Depuis deux décennies, la question des retraites occupe régulièrement le devant de la scène publique… Quelles réformes de fond, seraient, selon vous, à entreprendre ?

Je viens tout juste de sortir de la Commission pour les EHPAD (Établissement d’Hébergement pour Personnes Âgées Dépendantes). Je peux vous dire que je connais ces structures en tant que médecin, car j’étais en train d’effectuer des visites il y a encore quelques mois… Aujourd’hui, les EHPAD sont clairement devenus des établissements de fin de vie, où l’espérance de vie ne dépasse pas 2 ans. Le problème est qu’on maintient les personnes âgées à domicile le plus longtemps possible avec beaucoup de moyens, de médecins, des infirmières et du personnel. Les personnes vont donc à l’EHPAD de plus en plus tardivement, quand il n’y a vraiment plus de possibilité pour les garder à domicile.
D’où la vraie nécessité de créer une structure intermédiaire, moins médicalisée et plus conviviale pour les personnes qui quittent l’hôpital et ne peuvent pas encore rentrer chez elles, car n’étant que peu dépendantes, par exemple. Ces structures doivent aussi exister dans les petits villages afin que les gens puissent rester dans un environnement qui leur soit familier. Certes, si actuellement, les familles d’accueil et les partenariats existent, ils doivent, incontestablement, être davantage développés.

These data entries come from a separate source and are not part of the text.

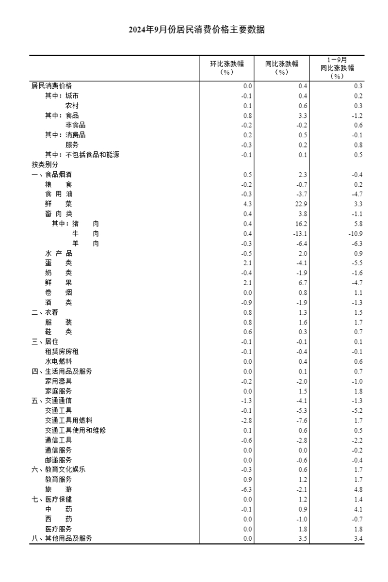 2024年9月份,全國居民消費(fèi)價格同比上漲0.4%。其中,城市上漲0.4%,農(nóng)村上漲0.6%;食品價格上漲3.3%,非食品價格下降0.2%;消費(fèi)品價格上漲0.5%,服務(wù)價格上漲0.2%。1—9月平均,全國居民消費(fèi)價格比上年同期上漲0.3%。
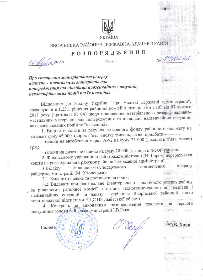 739/02-06 2017-09-07 Про створення матеріального резерву паливно-мастильних матеріалів для попередження та ліквідації надзвичайних ситуацій, некласифікових подій та їх наслідків
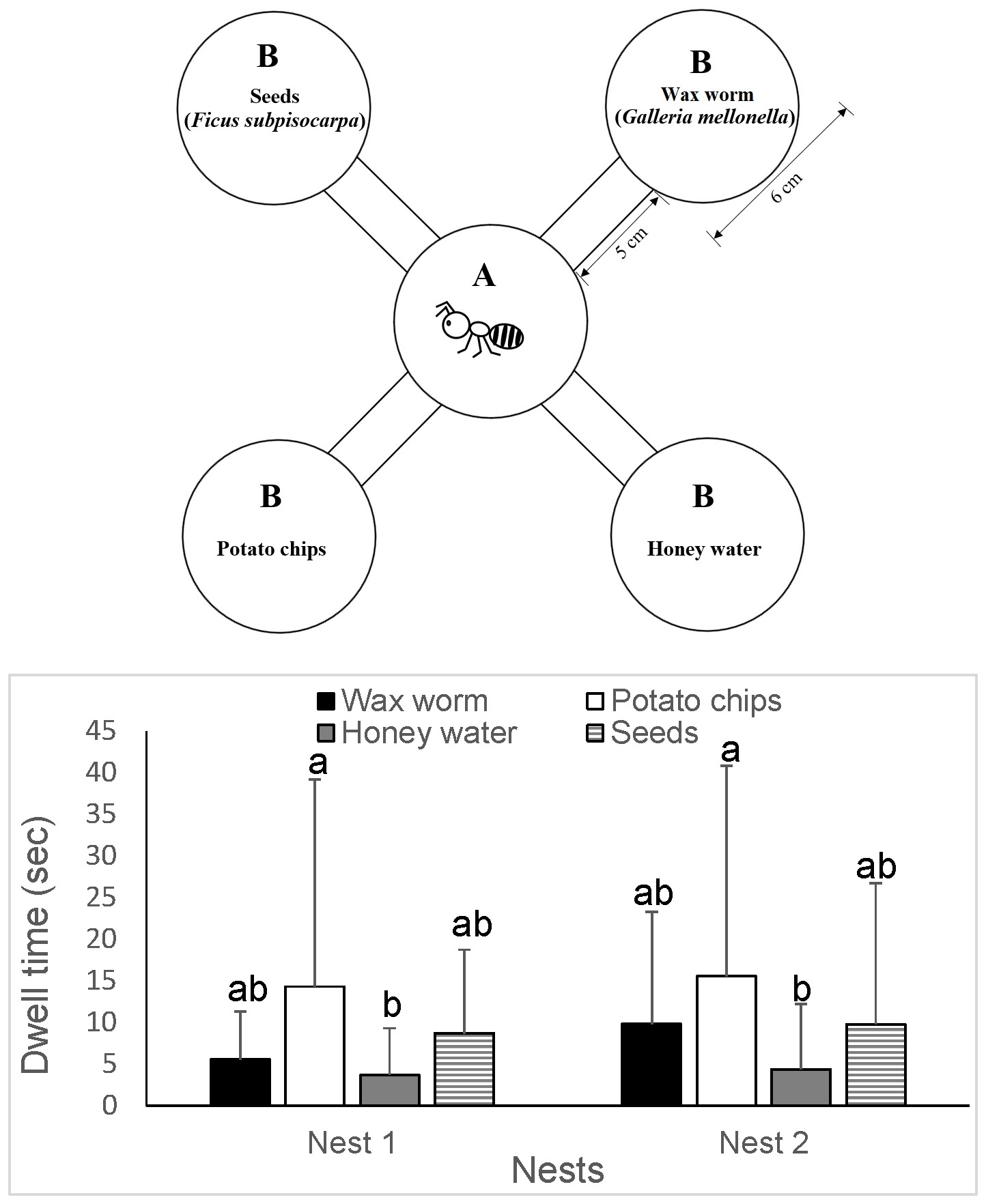 This study examined individual and group exploration behaviors of Solenopsis geminata workers. There were significant effects of nest and food source on dwell time in the individual exploration assay, with workers spending more time on potato chips and less time on honey water. Comparing the average time spent exploring food items between groups of workers with and without experience, no significant difference was found in Nest 1, but a significant difference appeared in Nest 2. Group workers located food faster, although no significant difference was observed between individual exploration assays and the same workers in group exploration assays. Behavioral variation among workers at both individual and group levels is essential for rapid responses to environmental changes in their invaded regions. The differences in exploratory behavior among individual workers and groups, both within and between colonies, could affect foraging efficiency and resource utilization.
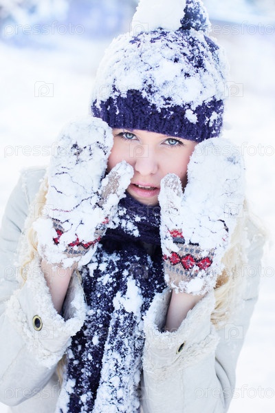 Красивая женщина в теплой одежде в снегу

Il y a en France un double problème : celui des déserts médicaux et celui d’une organisation inadéquate de l’offre médicale. Les médecins ne se déplacent plus, les personnes âgées ne peuvent, souvent, plus sortir de chez elles pour visiter un praticien et on les renvoie de plus en plus rapidement au domicile pour libérer des places dans les hôpitaux. Que faire ?

En effet, le premier problème est celui de la disponibilité et de l’accès au médecin. Là-dessus, j’ai une proposition : je trouve qu’une infirmière, dans certains cas, pourrait prendre davantage de responsabilités. Il y a déjà des formations plus poussées qui existent. Attention : l’infirmière ne peut pas faire le diagnostic et prescrire un médicament. Mais en tant que médecin, j’ai un certain nombre d’infirmières avec qui je travaille et qui ont mon numéro de portable. Elles peuvent donc, sans problème, m’envoyer une photo du patient en expliquant ce qui ne va pas et me demander conseil. Ce n’est pas de la télé-médecine, puisqu’à l’autre bout du fil, j’ai quelqu’un qui est compétent, qui a une formation médicale et à qui je fais confiance.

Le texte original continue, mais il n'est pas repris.